When we speak in the right words, though, the right thoughts often follow in our neighbor’s mind. We are not being “confrontational” or “imposing our values”; we are simply speaking the truth in love.
A tenet of sound Christian ethics has always been to prioritize means over ends: to do the right thing in the right way, and let God take care of the results. To choose the wrong word, even to “win a hearing,” is to prioritize ends over means, with the almost inevitable result that we do not achieve the end we want but help confirm others in their sins.
However serene their external circumstances, our friends are on a battlefield. It is good to introduce a man to the Church (that is, the gathering of soldiers), but it is perhaps better to acquaint him with the enemy. One is not likely to join an army—however musically pleasant and inspirational—unless he has cause to join in the war.
Sin is that cause. It is awful news. But it gives us a reason to look for more, to listen for the good news, to be evangelized.
We have something to learn from the most maligned group of Christians around, the street preachers who yell at people that they are going to hell. The problem with them is that they make the gospel unattractive—a stylistic error—not that they emphasize sin too much. We do not need to shout words of damnation, but we ought not passively let our friends proceed to hell.
“Sin” will only return as a useful category if people like you and me talk about it. Sermons can get people convicted about sin, but friendships will best help them respond to that conviction. What is whispered in the ear of a friend will be shouted from the rooftops.
Lighting Up Evil
This is not an encouragement to condemn individual sinners, mind you. We do enough of that already. Rather, it is an attempt to appeal to men’s consciences. Openly examining or admitting to one’s own sins (both personal and corporate) in the company of others invites them to a self-examination. When a poor man calls himself greedy for withholding tithes, how can the rich man not be moved?
If our lives are transparent, our words will shine as light to our neighbors. Some will hide from us, their consciences so dull as to hardly accuse them. But some will see the darkness in their hearts; and the darkness itself, looked at clearly, opens the way to the Light. Looking at anything clearly points us to God, for he is the Maker of all things.
As John writes: “This is the verdict: Light has come into the world, but men loved darkness instead of light, because their deeds were evil.”

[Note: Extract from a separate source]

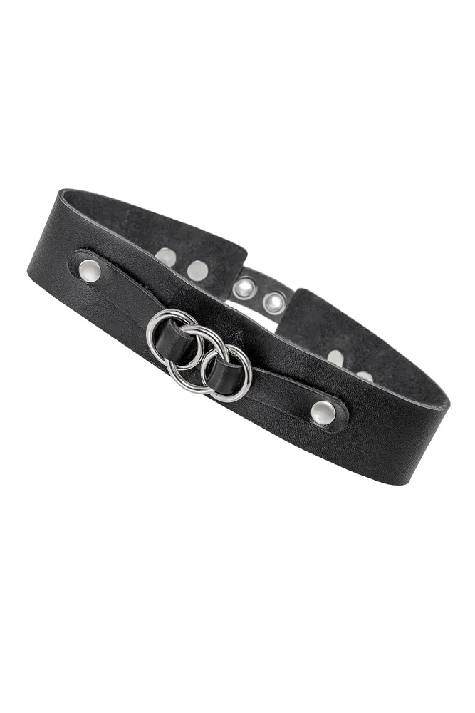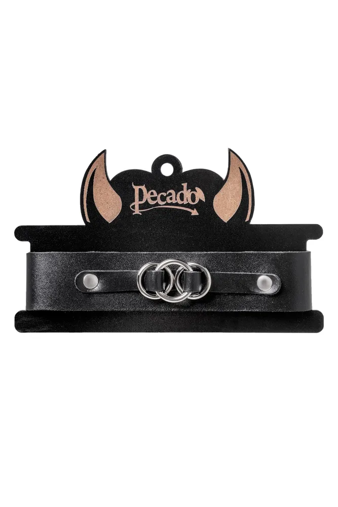 Choker-ogrlica Pecado BDSM, sa vezanim prstenovima na podlozi, koža, crna

A city on a hill gives light to those who dwell in darkness. We sinners know what it is to dwell in the shadow of death, to wish to hide our evil (to hide it, perhaps, even from ourselves). In time, those who remain in that shadow forget the meaning of evil itself, and only know that they are comfortable in darkness.

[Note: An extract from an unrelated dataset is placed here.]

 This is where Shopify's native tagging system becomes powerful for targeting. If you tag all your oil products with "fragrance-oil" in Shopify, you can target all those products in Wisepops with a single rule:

Our call is not to condemn them; there is a time, and a Court, for that. Our call is to bring to light the reality of evil. The space between hell and heaven can only be bridged by he who knows the empty longing in his heart that pines for God. Let us be wary lest our brothers and sisters fill that space with sin, with a word they cannot even name.
Daniel Propson is an English teacher at Lincoln High School in Ypsilanti, Michigan. He and his wife attend St. Aloysius Catholic Church in Detroit, and are members of the Word of Life community in Ann Arbor. They live with their two young children in midtown Detroit.